A mother in Arizona was left shaken after she narrowly avoided paying scammers thousands of dollars after they convinced her that they were holding her 15-year-old daughter hostage.
Jennifer DeStefano told local KPHO that she never doubted it was her daughter on the line for a single moment.
“It was completely her voice,” the Scottsdale resident said in a video interview last week.
DeStefano recounted that she got a call from an unfamiliar phone number while she was out at her other daughter’s dance studio. She almost let it go to voicemail, but picked it up because her 15-year-old daughter was out of town skiing and she feared there may have been an accident.
“I pick up the phone and I hear my daughter’s voice, and it says, ‘Mom!’ and she’s sobbing,” DeStefano said. “I said, ‘What happened?’ And she said, ‘Mom, I messed up,’ and she’s sobbing and crying.”
That’s when a man’s voice took over the call, seeming to order DeStefano’s daughter to lie back down.
“This man gets on the phone and he’s like, ‘Listen here. I’ve got your daughter. This is how it’s going to go down. You call the police, you call anybody, I’m going to pop her so full of drugs. I’m going to have my way with her and I’m going to drop her off in Mexico,’” DeStefano said.
“And at that moment, I just started shaking. In the background, she’s going, ‘Help me, Mom. Please help me. Help me,’ and bawling.”
DeStefano said the voice was indistinguishable from her real daughter’s, who was later confirmed safe and was never in any danger.
“It was completely her voice. It was her inflection. It was the way she would have cried,” DeStefano said.
The man on the line demanded US$1 million for her daughter’s safe return. DeStefano told them that she didn’t have that much money and he eventually lowered the “ransom” to US$50,000.
Because DeStefano was at her other daughter’s dance studio, she was surrounded by other worried parents who caught on to the situation. One called 911 and another called DeStefano’s husband.
Within four minutes, they were able to confirm that DeStefano’s supposedly kidnapped daughter was safe, KPHO reported.
DeStefano hung up on the scammers and broke down crying.
“It all just seemed so real,” she said. “I never doubted for one second it was her. That’s the freaky part that really got me to my core.”
In reality, the 15-year-old had never said any of the things her mother heard on the phone that day. Though police are still investigating the extortion attempt, it’s believed the scammer used artificial intelligence (AI) software to clone the teen’s voice.
AI-generated voices are already being used on-screen to replicate actors. One recent example is James Earl Jones, now 92 years old, whose iconic voice has aged since his portrayal of Darth Vader in Star Wars.
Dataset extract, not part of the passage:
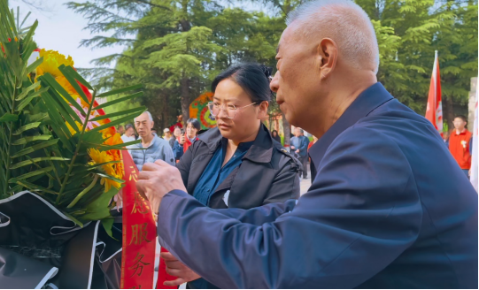 清晨的张再烈士陵园草木含悲,静谧庄严。全体人员列队整齐、步履沉稳,缓缓走向塔儿山英雄纪念碑。全场默哀、低头追思。默哀毕,大家有序步入烈士陵园内,开展祭扫献花仪式。雄壮激昂的《义勇军进行曲》响彻陵园上空,全体人员肃立昂首,齐声高唱中华人民共和国国歌。嘹亮的歌声里,饱含着大家对祖国的赤诚热爱,更承载着对革命先烈的无限敬仰。歌声落下,全场一片肃穆。参与人员代表缓步上前,将承载哀思与敬意的花篮轻轻敬献于纪念碑前,并深深鞠躬。紧接着,市关工委常务副主任贾成奎走上前,为在场所有人讲述了张再烈士陵园的革命历史及先烈的英雄事迹。那段枪林弹雨的峥嵘岁月,那些为国捐躯的英雄壮举,让在场所有人无不动容,大家静静聆听,用心感受先辈们的家国大义,红色精神在这一刻深深烙印在每个人心底。

Last year, the actor signed off on a deal to allow Disney to use AI to replicate his voice from his initial performance for use in the TV series Obi-Wan Kenobi.
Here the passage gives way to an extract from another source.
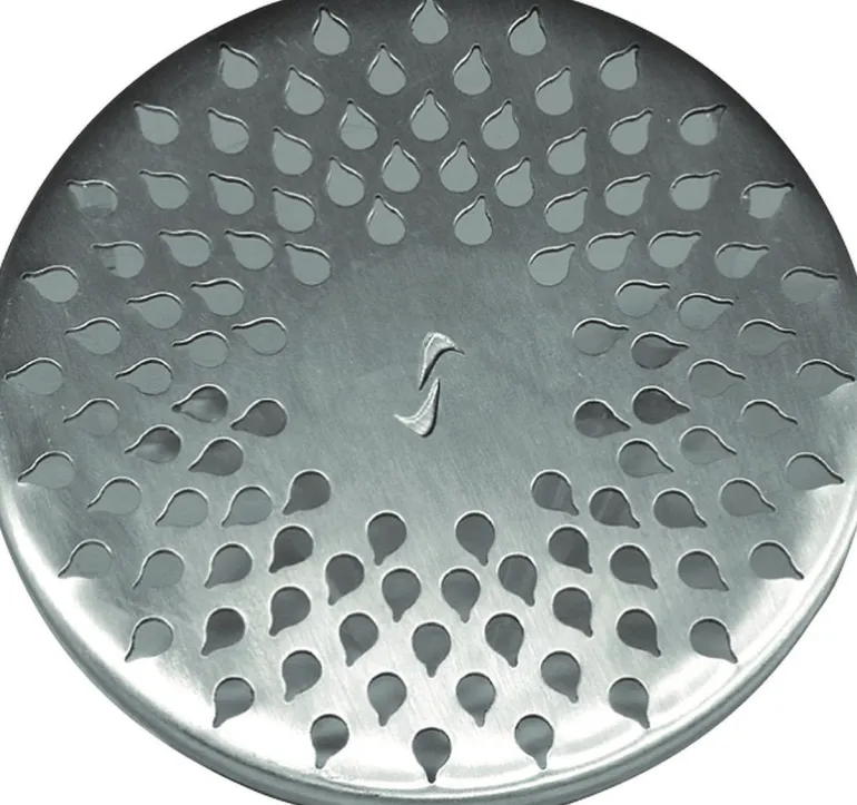 Siivilä ruostumatonta terästä, Drop-kuviointi. Siivilän ritilän halkaisija on 150 mm, ja se voidaan asentaa Purus-lattiakaivoihin.

Experts say that AI voice generation is becoming easier to access and use by the everyday person as the technology improves — it’s not just in the hands of Hollywood and computer programmers anymore.
It used to take extensive recordings to create a believable cloned voice, but now, it only takes seconds of recorded speech.
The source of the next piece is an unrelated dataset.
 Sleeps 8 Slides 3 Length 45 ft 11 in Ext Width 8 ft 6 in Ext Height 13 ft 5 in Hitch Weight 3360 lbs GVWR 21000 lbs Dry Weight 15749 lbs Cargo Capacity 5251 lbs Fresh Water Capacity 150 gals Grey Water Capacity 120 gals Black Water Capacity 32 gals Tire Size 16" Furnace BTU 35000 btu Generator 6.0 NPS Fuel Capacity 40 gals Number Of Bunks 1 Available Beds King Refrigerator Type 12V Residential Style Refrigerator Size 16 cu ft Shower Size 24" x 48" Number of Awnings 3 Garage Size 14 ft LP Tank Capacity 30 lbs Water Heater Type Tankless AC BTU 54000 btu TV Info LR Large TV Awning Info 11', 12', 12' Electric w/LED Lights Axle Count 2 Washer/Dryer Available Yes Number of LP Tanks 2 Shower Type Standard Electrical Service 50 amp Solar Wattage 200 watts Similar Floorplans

In January, an AI research lab that released a beta version tool for synthetic speech shared a Twitter thread that revealed that “a set of actors” were using the company’s technology for “malicious purposes.”
ElevenLabs wrote that their VoiceLab technology was being increasingly used in a “number of voice cloning misuse cases,” which led the company to roll out a series of new features to make its synthetic speech more easily verifiable as AI-generated, and hid it behind a paywall.
Dan Mayo, the assistant special agent in charge of the FBI’s Phoenix office, told KPHO that scammers using AI voice cloning technology are becoming more common. It “happens on a daily basis,” he said, though not every victim of an AI scam reports it.
“Trust me, the FBI is looking into these people, and we will find them,” Mayo said.
Mayo is urging people to keep their social media profiles private and not visible to the public, as this is usually how scammers find examples of a person’s voice for cloning.
“If you have (social media accounts) public, you’re allowing yourself to be scammed by people like this, because they’re going to be looking for public profiles that have as much information as possible on you, and when they get a hold of that, they’re going to dig into you,” Mayo said.
Earlier this month, a couple in Canada was reportedly scammed out of $21,000 after someone claiming to be a lawyer managed to convince them their son was in jail for killing a diplomat in a car accident.
The scammer used an AI-generated voice to pose as the couple’s son, pleading with his parents to pay his bogus legal fees, the Washington Post reported.
The son told the outlet that the voice was “close enough for my parents to truly believe they did speak with me.”
The couple sent the scammer money through Bitcoin before realizing that their son was in no danger when he called to check in later that evening.